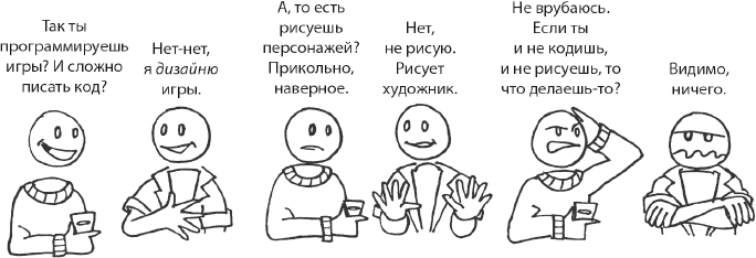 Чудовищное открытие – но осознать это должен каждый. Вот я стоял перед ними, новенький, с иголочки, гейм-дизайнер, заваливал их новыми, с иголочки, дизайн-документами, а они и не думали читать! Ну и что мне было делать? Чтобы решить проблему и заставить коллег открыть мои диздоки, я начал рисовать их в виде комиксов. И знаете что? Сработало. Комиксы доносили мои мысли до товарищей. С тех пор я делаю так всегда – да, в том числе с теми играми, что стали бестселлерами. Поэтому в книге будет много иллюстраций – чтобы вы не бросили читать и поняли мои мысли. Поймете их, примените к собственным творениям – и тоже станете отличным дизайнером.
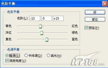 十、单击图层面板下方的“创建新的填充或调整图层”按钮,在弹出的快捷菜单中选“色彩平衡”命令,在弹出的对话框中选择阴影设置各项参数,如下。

+---+

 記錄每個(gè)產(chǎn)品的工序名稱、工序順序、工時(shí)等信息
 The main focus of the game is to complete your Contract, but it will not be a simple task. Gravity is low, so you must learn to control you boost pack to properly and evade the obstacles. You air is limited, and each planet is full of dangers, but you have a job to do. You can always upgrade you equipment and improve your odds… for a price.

+---+

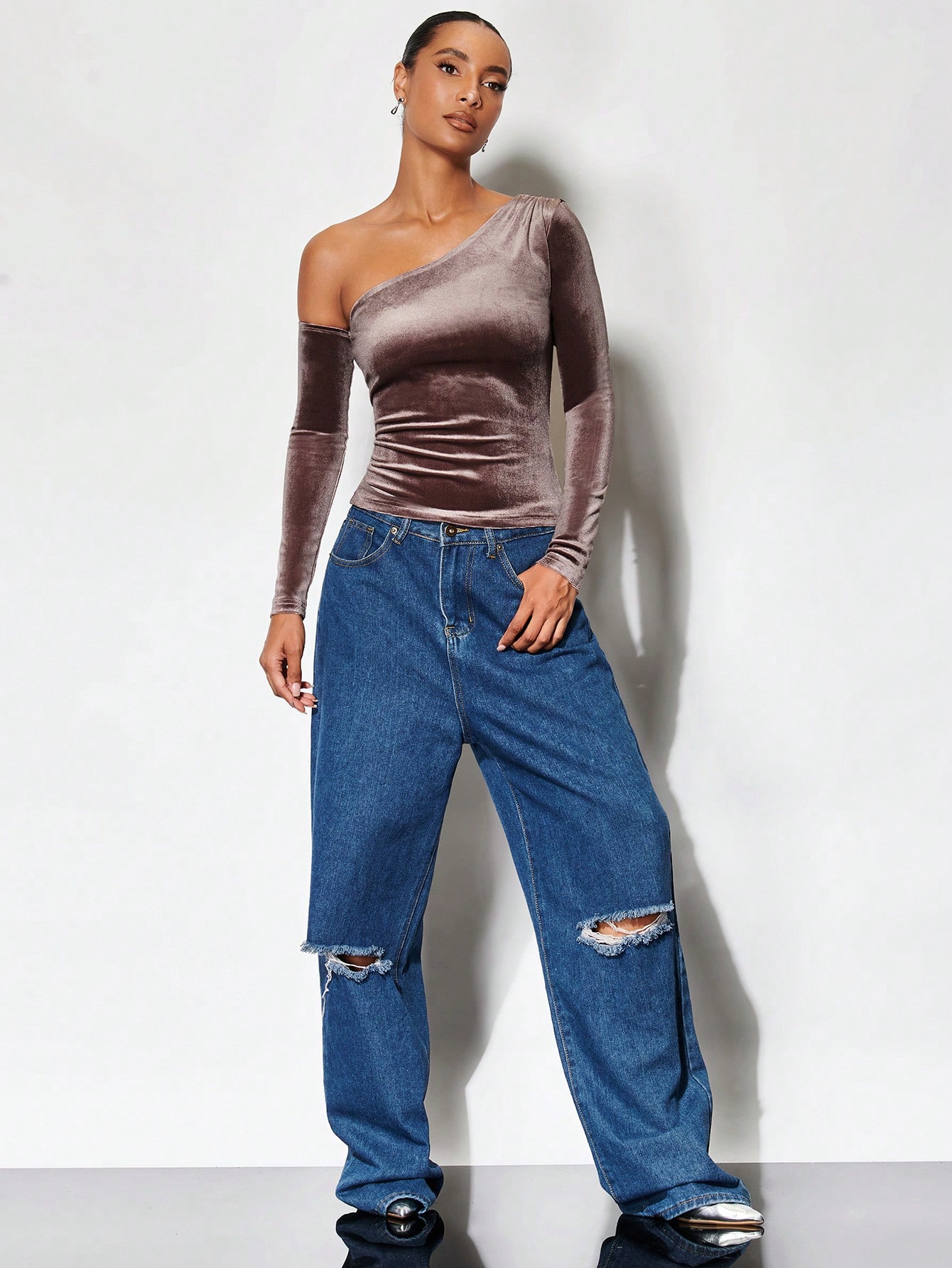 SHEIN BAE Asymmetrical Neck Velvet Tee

+---+

_Task goal_.
Within the listing above, the range opens at the line with "記錄每個(gè)產(chǎn)品的工序名稱、工序順序、工時(shí)等信息" and closes at the line with "The main focus". Reproduce exactly the lines of that range, including both ends.

_Your response_.
 記錄每個(gè)產(chǎn)品的工序名稱、工序順序、工時(shí)等信息
 The main focus of the game is to complete your Contract, but it will not be a simple task. Gravity is low, so you must learn to control you boost pack to properly and evade the obstacles. You air is limited, and each planet is full of dangers, but you have a job to do. You can always upgrade you equipment and improve your odds… for a price.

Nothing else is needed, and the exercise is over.